Feathers is just an API connection layer which connects your choice of database/ORM with your frontend of choice. We do have some built in adapters which also allow to customize your queries but for more complex queries there is no way around being familiar with the ORM and database you want to use.

DesignByOnyx commented 7 years ago

@FredericLatour - I have been using feathers sequelize for 2 years and it has never gotten in my way, nor have I ever wished feathers did more for me.

From reading the conversation above, it seems that you don't entirely understand how sequelize and/or feathers works. That's not a jab at you, it's just an observation from having helped hundreds of people the last 2 years - it's easy to spot those who don't quite understand yet.

So forget feathers for a minute - write the code that you would write with just plain sequelize. If you cannot do this, then feathers is not the problem. Once you have your working sequelize code, you might end up with something like this:

ModelA.findAll({
  where: { foo: 'bar', 'bing': { $in: [1, 2, 3] },
  include: [{ 
    model: ModelB,
    attributes: ['name', 'created_at']
  }],
  group: ['some_col']
});

Now that you understand sequelize and know how to build complex queries, then you can create your feathers hook. The http request will look like this:

// GET /modelA-service?foo=bar&bing[$in][0]=1&bing[$in][1]=2&bing[$in][2]=3

...and your hook:


function (hook) {
  if(shouldBuildComplexQuery) {
    console.log(hook.params.query); //-> { foo: 'bar', 'bing': { $in: [1, 2, 3] }
    hook.params.sequelize = {
      include: [{ 
        model: ModelB,
        attributes: ['name', 'created_at']
      }],
      group: ['some_col']
    };
  }
}

Notice how hook.params.sequelize is passed as the options param for the underlying sequelize call (no need to set the where property, feathers does this for you). This is true for all feathers service methods: get, find, create, patch, update, remove. Anywhere you see options in the sequelize docs, you can set those options from a hook. This is clearly documented.
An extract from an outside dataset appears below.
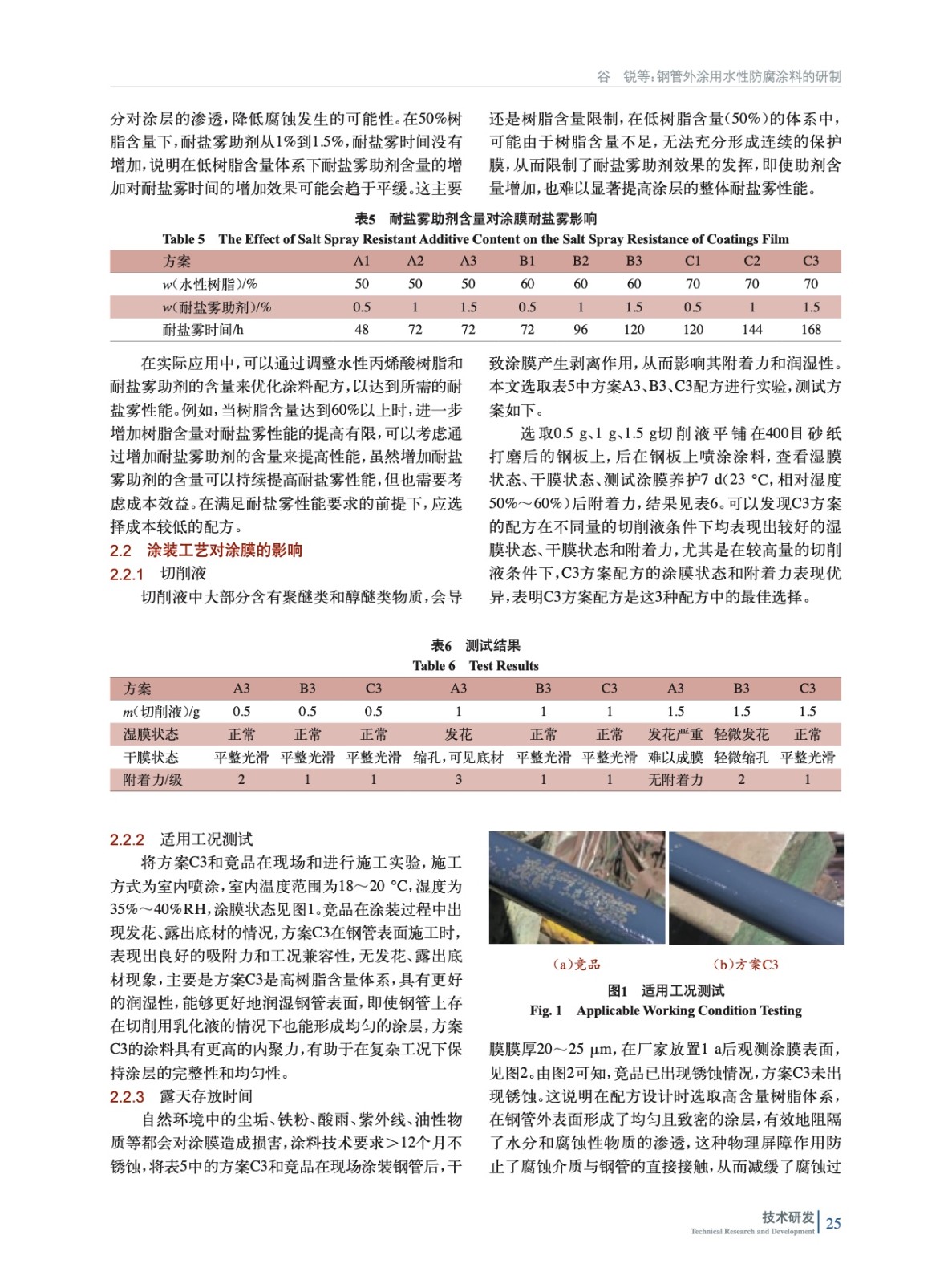 摘要:研制了一種適用于鋼管外涂的水性輕防腐涂料,并對(duì)其技術(shù)要求進(jìn)行了介紹。先通過(guò)樹(shù)脂類(lèi)型的表干時(shí)間對(duì)比確定了使用主要成膜物質(zhì)為水性丙烯酸樹(shù)脂,然后通過(guò)改變水性丙烯酸樹(shù)脂和耐鹽霧助劑在配方中的添加量,評(píng)估其對(duì)涂膜耐鹽霧性能的影響,并測(cè)試了切削液對(duì)涂膜潤(rùn)濕性、附著力的影響。研究結(jié)果表明,方案C3滿足技術(shù)要求,且在鋼管上殘留未干燥的切削用乳化液的施工條件下,表現(xiàn)出良好的吸附力、工況兼容性和防腐能力。

In the situation where the ORM doesn't do what you need, write a custom query by hand. This is trivial to do with sequelize. An ORM is just a tool, not an end-all-be-all.

FredericLatour commented 7 years ago

@daffl The problem is not to go into the ORM language/features, the problem is to understand exactly what I can do and at which stage.

Your example is a very specific case that let me wondering what my approach should be for a generic hook that will let me implement any kind of aggregation.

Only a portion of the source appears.